Please output, exactly and without pictures, the lines from the opening of the listing below through the line containing "We visited the", both included.

RAW DATA:
◇ ◇ ◇ ◇ ◇ ◇ ◇
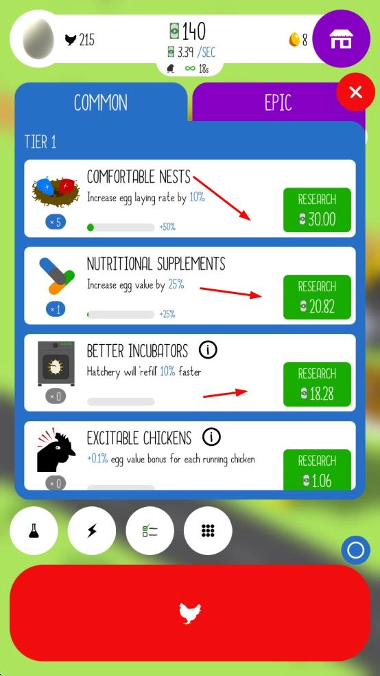 1、点击红色按钮获取鸡,鸡自动产蛋,积累金币与鸡蛋资源。
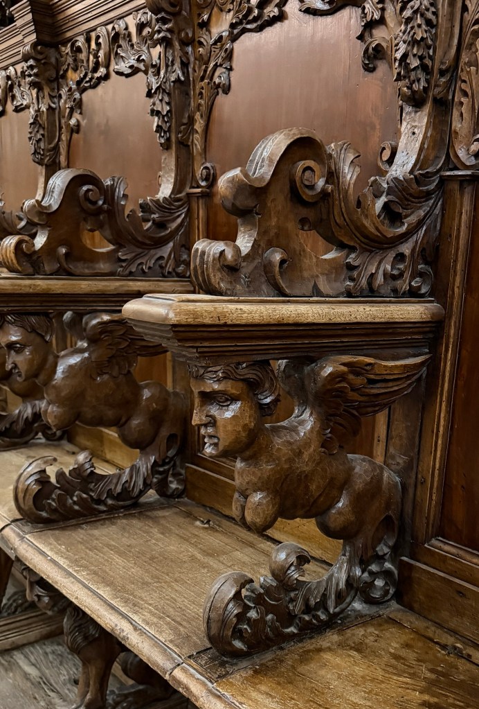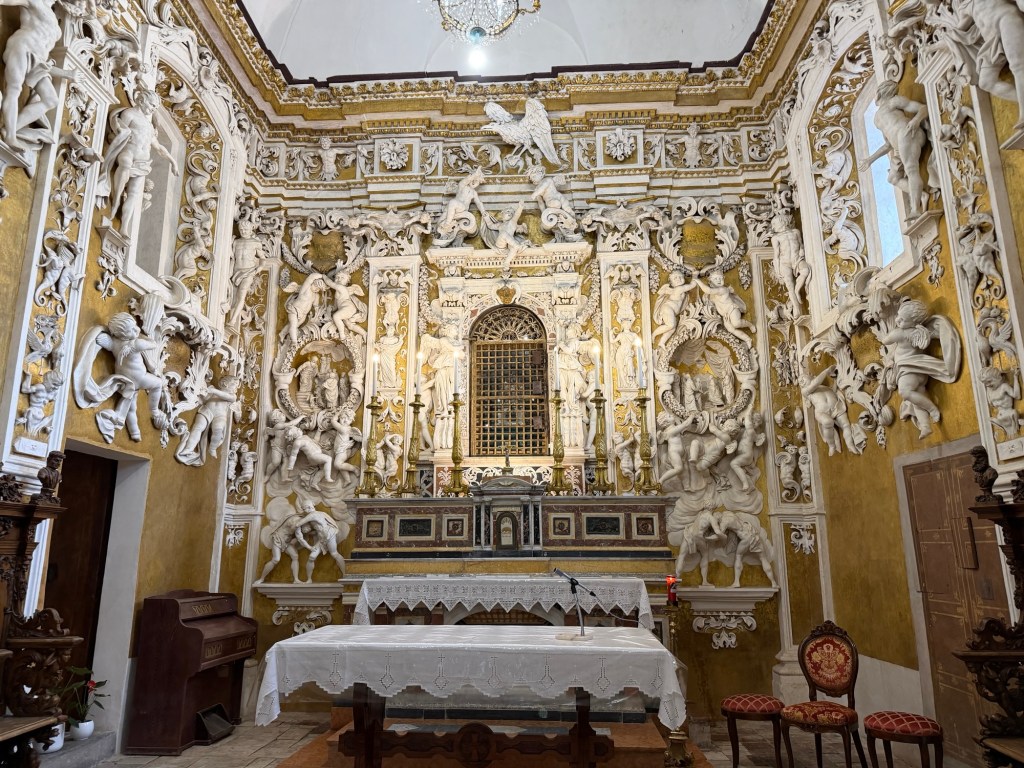 We visited the church seeing the private family chapel first. The wall figures are all made of plaster with a special treatment that makes appear like marble. In addition to the usual angels, there were panels showing mean and unhappy people being tortured as a warning to behave. The chapel held the skull of Mary’s mother behind the altar in a locked cage which is paraded around town once yearly. Other rooms held silver and gold items that were part of the religious items of the church. My personal favorite is the ones that supposedly contain bones of saints or pieces of the cross.
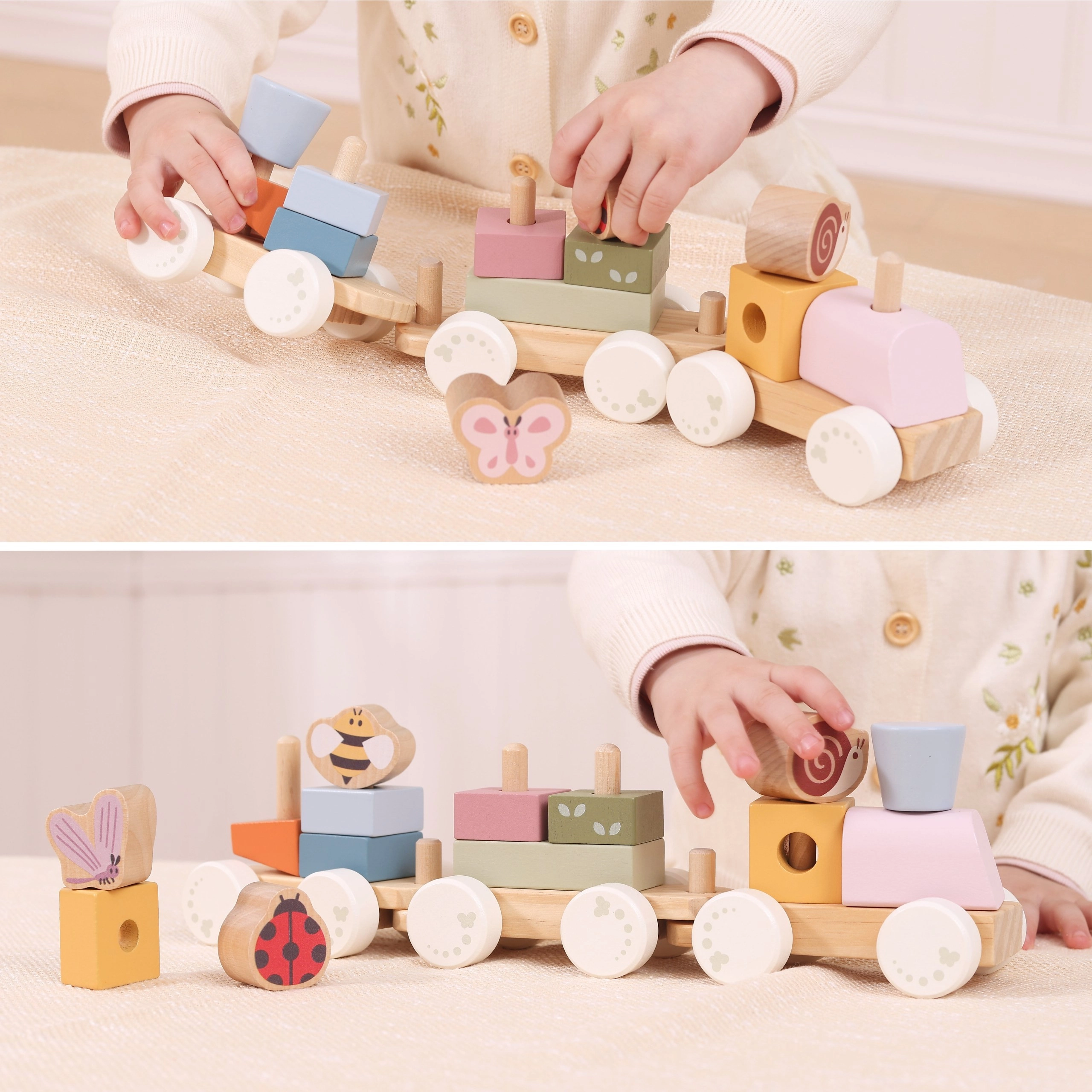 Każdy wagonik ma kołeczki do układania warstwowego i sortowania klocków, które można dowolnie łączyć, tworząc własne zestawy. Wagoniki można łatwo rozłączyć, a dziecko może bawić się nimi także osobno. Trwała drewniana konstrukcja zapewnia długą żywotność i bezpieczną zabawę.
◇ ◇ ◇ ◇ ◇ ◇ ◇
EXERCISE RESPONSE:
 1、点击红色按钮获取鸡,鸡自动产蛋,积累金币与鸡蛋资源。
 We visited the church seeing the private family chapel first. The wall figures are all made of plaster with a special treatment that makes appear like marble. In addition to the usual angels, there were panels showing mean and unhappy people being tortured as a warning to behave. The chapel held the skull of Mary’s mother behind the altar in a locked cage which is paraded around town once yearly. Other rooms held silver and gold items that were part of the religious items of the church. My personal favorite is the ones that supposedly contain bones of saints or pieces of the cross.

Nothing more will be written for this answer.